These organic compounds not only provide the carbon for synthesis but also meet the energy requirement by entering into energy yielding metabolic pathways and are eventually oxidised to CO2.

Some microbes have the ability to synthesize all their cellular components using a single organic carbon source while others, in addition to this one major carbon source, also need other complex carbon containing components which they cannot synthesize.

These components are called growth factors and include vitamins. Some microbes can utilize more than one carbon compound and exhibit a great degree of versatility. The others, however, are specialized in this regard.

Sulphur and nitrogen are taken up by most organisms and are subsequently reduced within the cell and utilized in other biosynthetic processes. The sulphur and nitrogen requirements of most organisms can also be met with organic nutrients that contain these two elements in reduced organic combinations such as amino acids. A few microorganisms are capable of reducing elemental nitrogen to ammonia and this process of nitrogen assimilation is known as biological nitrogen fixation.

Most of the microorganisms need molecular oxygen for respiration. In these, the oxygen serves as terminal electron acceptor, and such organisms are referred to as ‘obligate aerobes’.

As opposed to this there are a few organisms which do not use molecular oxygen as terminal electron acceptor. We recall that oxygen is a component of the cellular material of all the microorganisms. These microbes are called ‘obligate anaerobes’.

In fact, molecular oxygen is toxic to these organisms. Aerobes which can grow in the absence of oxygen are called ‘facultative anaerobes’ and the anaerobes which can grow in the presence of oxygen are referred to as ‘facultative aerobes’. In addition to these major classes, there are organisms which grow best at reduced oxygen pressure but are obligate aerobes and these are called ‘Microaerophilic’.

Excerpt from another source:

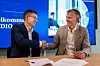 SAMARBEIDER: Accenture skal bistå DIO i arbeidet med å gjennomføre overgangen til en moderne plattform. Her inngår Anders Aagaard Sørby, direktør i DIO og Torbjørn Eik-Nes, daglig leder i Accenture avtalen.

2. Micro or Minor Mineral Nutrients or Trace Elements:

The microorganisms, in general do not use only macro (major) elements but also others like cobalt, copper, manganese, molybdenum, nickel, selenium, tungsten, vanadium and zinc which are required in residual fraction by nearly all microorganisms.

These elements are often referred to as minor (micro) nutrients or trace elements. The micronutrients or trace elements are nevertheless just as critical to cell function as are the macronutrients.

They are metals playing the role of cell’s catalysts and many of them are play a structural role in various enzymes. Table 18.2 summarizes the major micronutrients of living systems and gives examples of enzymes in which each plays a role. Some microorganisms, however, need additional specific mineral nutrients, for example, diatoms and some microalgae require silica, supplied as silicate, to impregnate their cell walls.

Growth Factors:

Besides the mineral nutrients, the microorganisms need some organic compounds. Most of the microorganisms are capable of synthesizing these organic compounds from simpler carbon resources, others cannot and need their supply from outside for their proper growth and development.

Organic nutrients of this type are known collectively as growth factors (essential metabolites) and can be categorized into three groups (amino acids, purines and pyrimidines and vitamins) on the basis of their chemical structure and metabolic function.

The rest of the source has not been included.